Well, we made our choice. She started uphill again. We chose food over weapons, and so here we sit, lovely but as unarmed as the Venus de Milo.

As she neared the crest, the path wound across the west side of the hill. In the distance, she could see Twin Peaks, poking above a patch of fog like two brown breasts sticking out of a milk bath. They reminded her of Johanna.

“You hear that, Johanna? Twin Peaks remind me of your breasts.”

Johanna, dead, did not answer, but thinking of her breasts made Maya think again of Johanna’s granddaughter. Madrone works too hard, Maya thought. All the healers do. But since Sandy’s death, she’s hardly stopped. She’ll be sick herself if she doesn’t get more rest. I wish she’d taken the day off, like she said she would, but then something always comes up.… Goddess, I hope we’re not in for another epidemic!
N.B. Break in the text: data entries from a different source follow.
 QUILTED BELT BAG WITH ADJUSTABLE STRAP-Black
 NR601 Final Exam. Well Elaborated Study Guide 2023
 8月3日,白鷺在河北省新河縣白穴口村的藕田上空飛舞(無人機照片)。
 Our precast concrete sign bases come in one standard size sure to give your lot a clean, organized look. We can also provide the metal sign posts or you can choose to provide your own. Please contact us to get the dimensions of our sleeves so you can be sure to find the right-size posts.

Please, Mama, you wouldn’t do that to us again? We’re on your team, remember? We’re the good guys.

Where was Madrone?

“Get some fluid in her!” Madrone called. “Aviva, check her dilation. Holy Mother, she’s burning up! I swear the ice pack is smoking! We’ve got to bring this fever down.”

“She’s only about three centimeters,” Aviva said. Above her white mask, her brown eyes looked worried. Her usual cloud of dark hair was tightly confined under a cap. Madrone had left her own face free. She believed a woman in labor needed to see a human face, and she had other ways to protect herself.
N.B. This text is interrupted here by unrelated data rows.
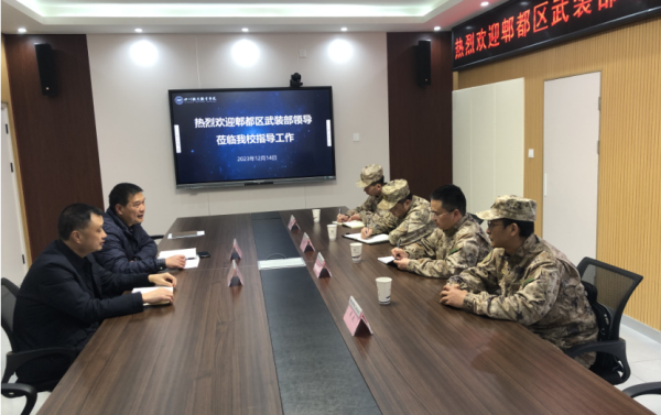 2023年12月14日,郫都区武装部长李舸、政委宋克建一行4人莅临beat365调研指导征兵工作。副校长黄勇会见了李舸一行并主持召开了交流座谈会。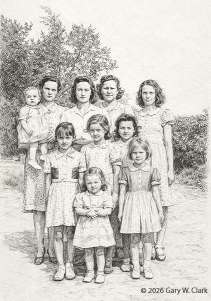 1942 Photograph Prompt: Create pencil sketch of this photo, keep original faces and people, do not substitute. (GPT 1.5) |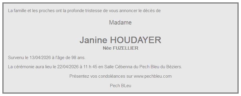 Avis de décès de Madame Janine HOUDAYER née FUZELLIER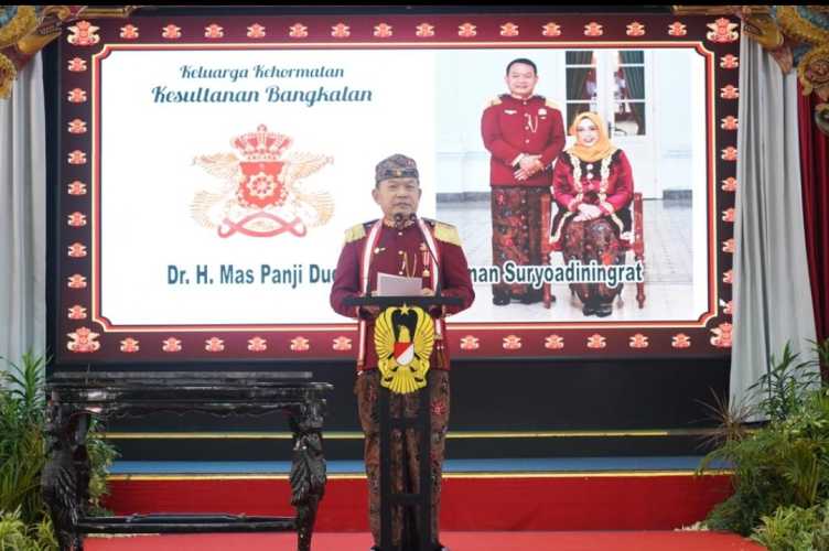“Karena, dengan dianugerahkannya gelar Keluarga Kehormatan Kesultanan Bangkalan, bapak Jenderal TNI Dudung Abdurachman bukan hanya menjadi bagian dari keluarga besar Kesultanan asja. Tapi, juga menjadi Keluarga Besar warga Bangkalan,” ucapnya.**

“Shit! How are we going to get this baby out of her?”

“C section?” Aviva suggested.

Madrone shook her head. “She’ll die.” She had one hand on the woman’s throat, reading her rapid pulse, the other on her temple, feeding her
ch’i
, vital energy.

“She’s dying anyway,” Aviva said, reading the monitor. “Her blood pressure’s sky high. None of the drugs have touched it.”

“We can’t lose her,” Madrone said. “She’s my neighbor, and she’s Rosa’s mother. I refuse to believe we’re going to lose her. I won’t lose her.” I lost Sandy to this disease, she was thinking; that’s enough. It should be enough.

“I wouldn’t make statements like that on the Day of the Reaper,” Aviva said.

Lou arrived at a dead run, pushing an IV cart. His narrow, delicate fingers expertly found a vein and inserted the drip line.

“Lou, work on her pressure point for dilation. I’m going to feed her
ch’i.”

“Be careful,” Lou said. His own mask concealed most of his face, but his black gull-wing eyes were grim.

Madrone nodded, as she took a deep breath and repeated her own secret rhyme that took her quickly into trance. Her body was like a tree with a hollow trunk; her roots could reach down to the great stores of
ch’i
in the molten mantle of the earth and bring it up. Energy pulsed through her, moving from her hands into the woman’s body, feeding her, keeping her alive. For how long? As long as I can sustain it, Madrone thought, and that could be an almost infinite time if I were rested, if I could keep myself out of its way and be nothing but a hollow tube, a wire, a vehicle. What I was born to be.

Two sparks of light flickered, mother and baby, struggling to hold on in a burning, smoldering, dark place. Madrone changed the earth fire to cool water, letting it pour through her, always reaching deeper, reaching for more. She was so deep now that the voices around her were dim murmurs, calling out their litanies of alarms and demands. Down and down. But it was like pouring water down an open drain. Nothing held.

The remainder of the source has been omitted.